On Thu, Mar 31, 2016 at 11:20:22AM -0700, Dan Gohman wrote:
> I'm working on a new architecture (WebAssembly, aka wasm) and am hoping to
> have a compatible ABI at the level of a "freestanding implementation"
> between all libc ports.
> 
> The current design would translate into the following in a musl port (in
> ..../bits/alltypes.h.in):
> 
> #define _Addr long
> #define _Int64 long long
> 
> Both the ILP32 and LP64 platform variants would use the same definitions.

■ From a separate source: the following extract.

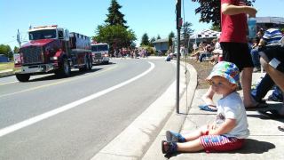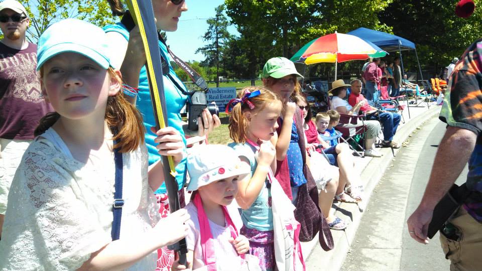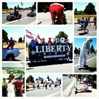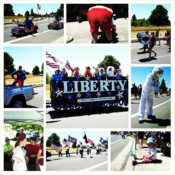 I slept through the traditional 4th of July Flag thing and cinnamon roll thing. I was tired. I can’t eat stuff there anyway. But John and Lilli went. Then we all went down to watch the parade. John had set up chairs and stuff… but he didn’t see the throw up on the ground. We didn’t have anywhere to move to so we stayed there. The Jessops came and joined us, as did the Hiltons and the Wights.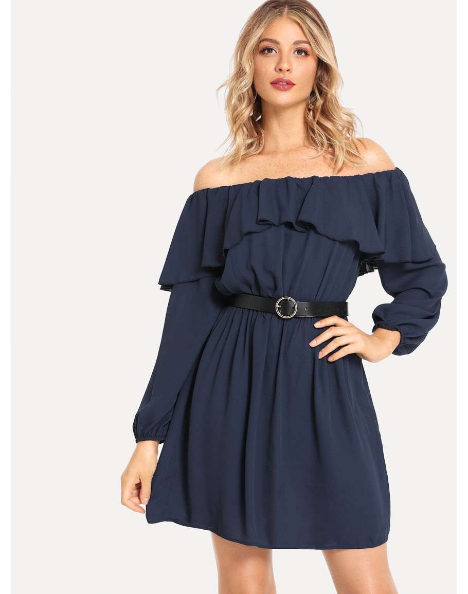 Off Shoulder Ruffle Belted Dress

> This helps minimize differences between the two variants, which aligns with
> an overall goal of the platform.
> 
> However, this differs from musl's convention of using "int" for _Addr on
> ILP32 systems and using "long" for _Int64 on LP64 systems. But, as far as I
> can tell, no musl code actually depends on this convention. Almost all code
> in musl is either fully portable and can't, or is architecture-specific and
> can just do the right thing for its own architecture.
> 
> Legacy code may have assumptions, though I'm aware of the issues and don't
> believe it's a significant practical problem for WebAssembly.
> 
> If we decide to contribute wasm support upstream to the musl project in the
> future, would the musl maintainers expect to be ok with the above
> definitions?

At some point we'll probably have to make this relaxation anyway. I've
heard there's at least one arch we're planning to add (maybe
powerpc64? I forget) that's using long instead of int for _Addr types.
What would be most helpful to us (to keep things simple) is just
ensuring that all the relevant types (size_t, ssize_t, ptrdiff_t,
[u]intptr_t, etc.) are defined consistently as int or as long;
otherwise we have to pop a hole in the abstraction they're modeled
with now. That wouldn't be a huge problem either but it just adds more
redundancy to arch/*/bits/alltypes.h.in files.

Anyone else have objections to use of long for these types?